- Interactive map of Homesteaders Gap, North Dakota
- Coordinates: 47°29′20″N 103°55′39″W﻿ / ﻿47.48889°N 103.92750°W
- Country: United States of America
- State: North Dakota
- County: McKenzie County
- Elevation: 2,274 ft (693 m)
- Time zone: UTC-7 (Mountain)
- • Summer (DST): UTC-6
- ZIP: 59270
- Area codes: +1 701 (ND) and +1 406 (MT)
- GNIS feature ID: 1035183

= Homesteaders Gap =

Unincorporated village in North Dakota, U.S.

Homesteaders Gap (formerly Squaw Gap) is a tiny hamlet on North Dakota Highway 16 in McKenzie County, extending across the Montana border as West Squaw Gap.

The unincorporated village includes a school and a community center (the Squaw Gap Multipurpose Center).

The McKenzie County school, which had been operating since 1904, had two students in 2006. It is now closed; local students attend Rau School in Sidney, Montana. Squaw Gap School, when it was functioning, served kindergarten through sixth grade.

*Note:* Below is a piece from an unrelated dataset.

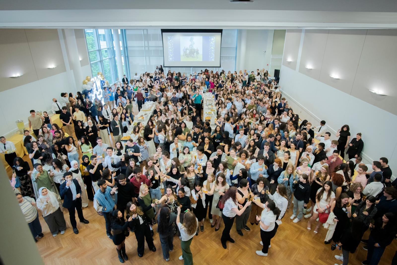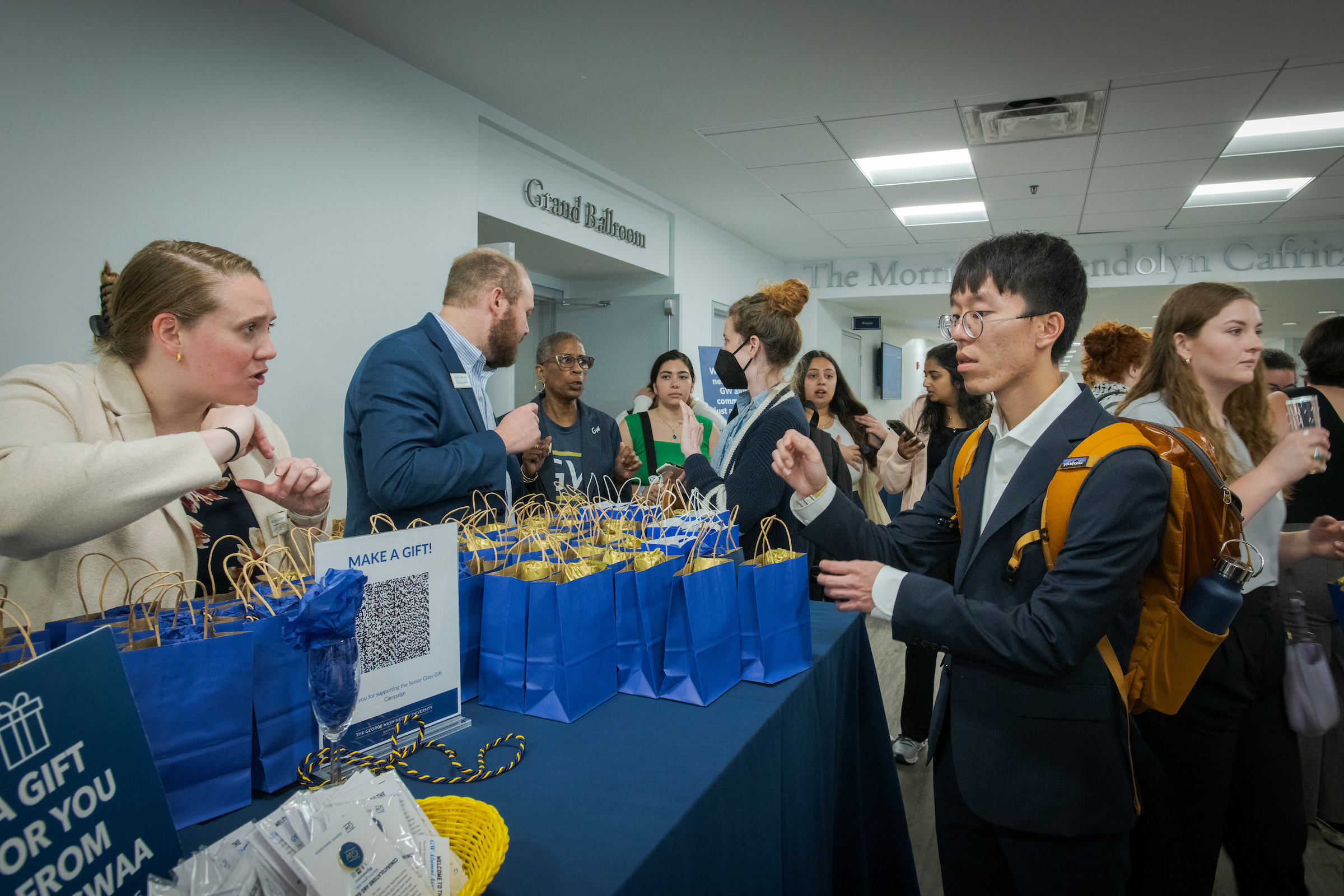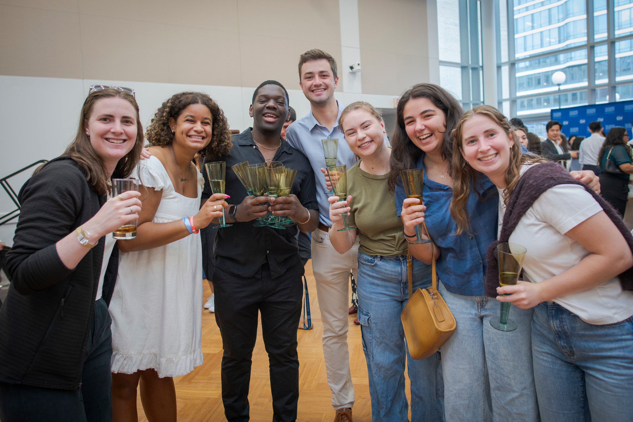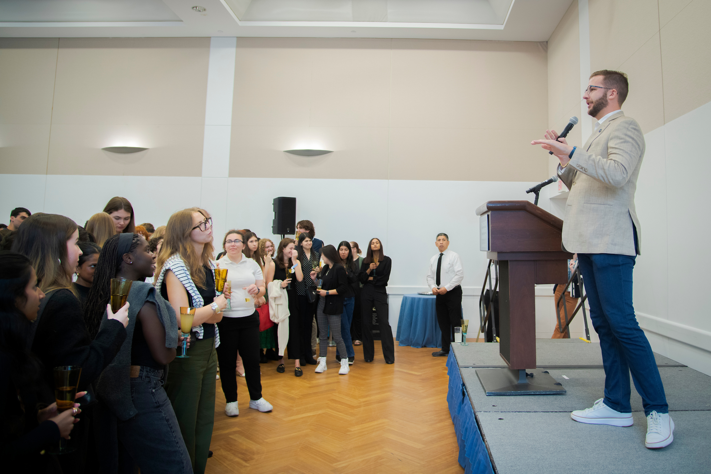 The George Washington University Class of 2024 raised a glass to the future Tuesday at GW’s annual Senior Class Toast, packing the Grand Ballroom at the University Student Center to celebrate their years of hard work and to look forward to whatever comes next.
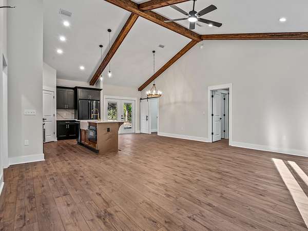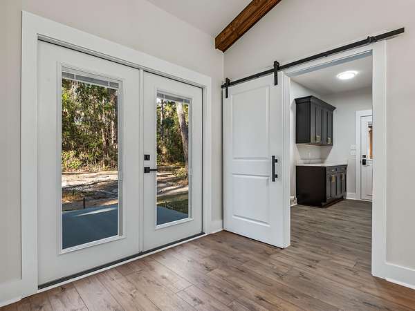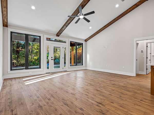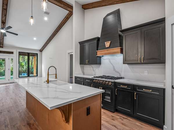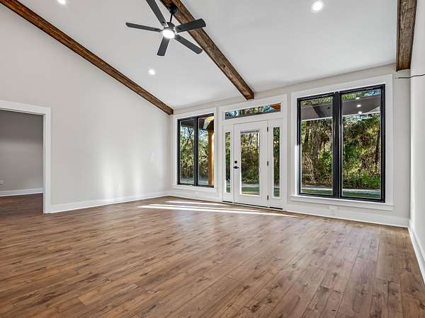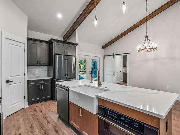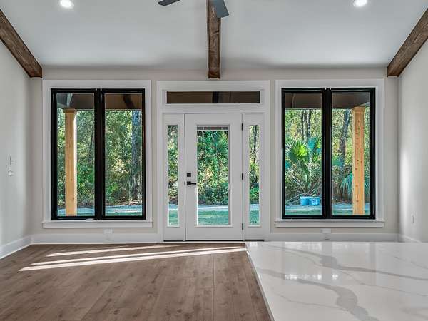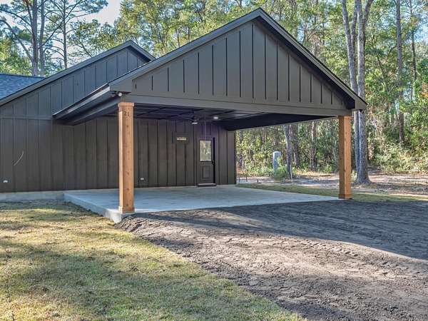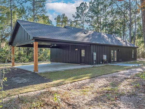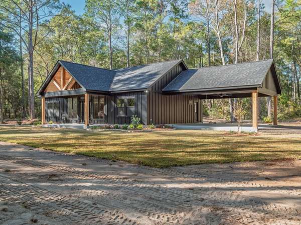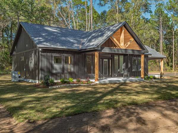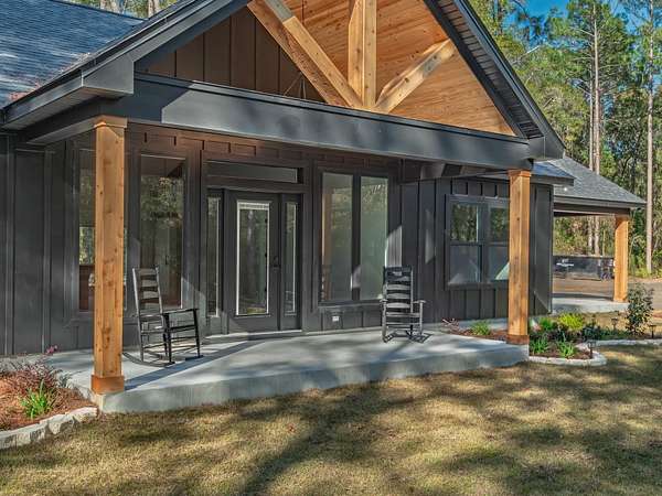 Welcome to this beautiful crafted 3-bedroom, 2-bath ranch-style retreat nestled on 3 private, wooded acres along scenic Highway 98. With 1,472 sq ft of thoughtfully designed living space, this home offers both comfort and style. The inviting 20x8 ft covered front patio with tongue and groove ceilings and rough-cut cedar posts and trim sets the tone for the natural charm found throughout. Inside, enjoy an abundance of natural light from the oversized windows that frame serene wooded views. The open-concept living area features luxury vinyl plank flooring throughout, while the designer kitchen boats Quartz countertops and custom cabinetry. The bathroom are finished with beautifully tiled showers, including a spa-like master bathroom paired with a large walk-in closet. Additional highlights include a 24x24 attached 2-car carport for convenience and plenty of space to enjoy the outdoors. Gable front porch and vaulted living room and kitchen, with beautiful custom stained wood beams in ceiling. This home blends rustic elegance with modern finishes, making it the perfect escape while remaining close to the coast.

A trailer on the school property used to house the lone schoolmaster, but has since been occupied by a local woman.

A local independent telephone exchange was inaugurated on December 15, 1971, with an NBC broadcast of a first phone call from Squaw Gap to U.S. Secretary of Agriculture Earl Butz in Washington, D.C. The community was one of the last to obtain landline telephone service in the continental United States. (Iowa Hill, California, lost its service in the 1960s, but regained it in 2010.)

In January 2023, the United States Department of the Interior announced that Homesteaders Gap, along with six other locations, had been renamed due to the former name containing an ethnic, racial and sexist slur. The new name was chosen by the government, and is relevant to local history.